Author Steve Krug was a Usability Consultant when he wrote the first edition of 'Don't Make Me Think,' which proved to be a seminal work after its original release in 1999. He was able to convey the value of human factors, along with direct and simple web design. What Krug communicated in the late '90s has become much more common in the UX industry nowadays. And still, his mantra of designing for easy and direct task completion demands repeating.
Things should be concise. Signup and onboarding procedures for a product, website, or application are only a small part of the journey. If I'm completing a signup form for, say, a paid sports news website, I'm not there because I enjoy entering my name, address, and credit card info. I'm doing that to get to the good part, the content. Why make a user waste their time or energy on something like a flawed signup process when you can ensure it's as streamlined as possible?
A program, product, or service has to meet the users' needs above all else. And to meet the users' needs appropriately, the product itself should not generate additional frustration or confusion. The design must help the user easily accomplish their goals.
That is why it is crucial to assess your product not just during development, but after production as well. It should become a regular occurrence, with check-ins and evaluations built right into a company's calendar. Iteration offers the chance to not only perfect the product itself but the processes you employ for product improvements.
In a highly competitive and ever-changing marketplace, the ability to evolve and adapt is invaluable. Don't just think one step ahead; think two steps ahead. Look for an edge anywhere you can find it. It's so important to take a nuanced and measured approach to a product redesign.

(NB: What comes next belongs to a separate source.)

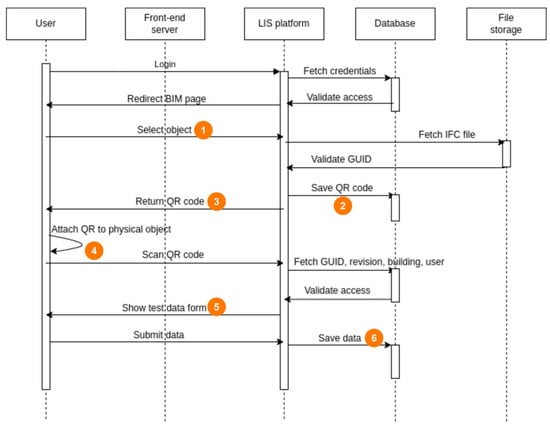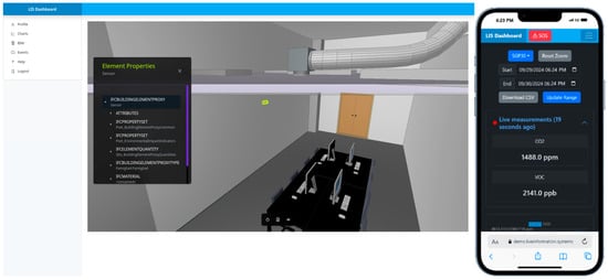 In addition to a standard API capable of updating various elements of the BIM model, the LIS platform allows users to manually submit sensor data linked to a BIM element through a web page. The researcher generates a QR code that is physically attached to the building feature subject to measurement. Each QR code encodes a link containing a text string and the IFC Global Unique IDentifier of the element, linking the physical object to its corresponding BIM element. Upon visiting the link, the LIS platform automatically authenticates the researcher, preparing data input linked to the element, which is also associated with the latest BIM revision at the time of the QR code’s creation. If a new revision becomes available later, the LIS platform will suggest submitting data for the new revision, even if the QR code refers to a previous one but only if the new revision still contains an element with the same GUID. If this is not the case, a warning is displayed to inform the user that the element may have been removed from the building, indicating significant structural changes and that a new IFC model has been uploaded to the platform where the previously linked object has been removed.

Things around us are constantly changing, and it's no exception with your product. There are always changes with the users, the market, the industry, and on and on. Ignoring those changes is giving up.
As mentioned in this blog last week, Jakob Nielsen's 10 general principles for interaction design is an excellent resource when conducting a UX evaluation for ease and simplicity. We've talked about recognition versus recall here before as well, and that is just one heuristic that speaks to ease of use.
For example, if a mobile app user has to stop and think about a navigation symbol or a menu word choice, that is a design flaw. The user had to recall what a particular word or symbol is referring to, and that hesitation costs unnecessary time and effort along the journey. With a simple approach to these kinds of design elements, we can foster recognition instead, where the user observes something and immediately knows what it does or what it means.
As author Steve Krug notes on his personal website, sensible.com, it's not just UX designers who stand to benefit from his design principles. There's also 'developers, designers (visual, interaction, and UI), product managers, Agile team leaders, writers, editors, marketers, and CEOs.' And that's very important to note. Once different team members come together to evaluate and redesign products for ease of use, the process and the final product will benefit greatly.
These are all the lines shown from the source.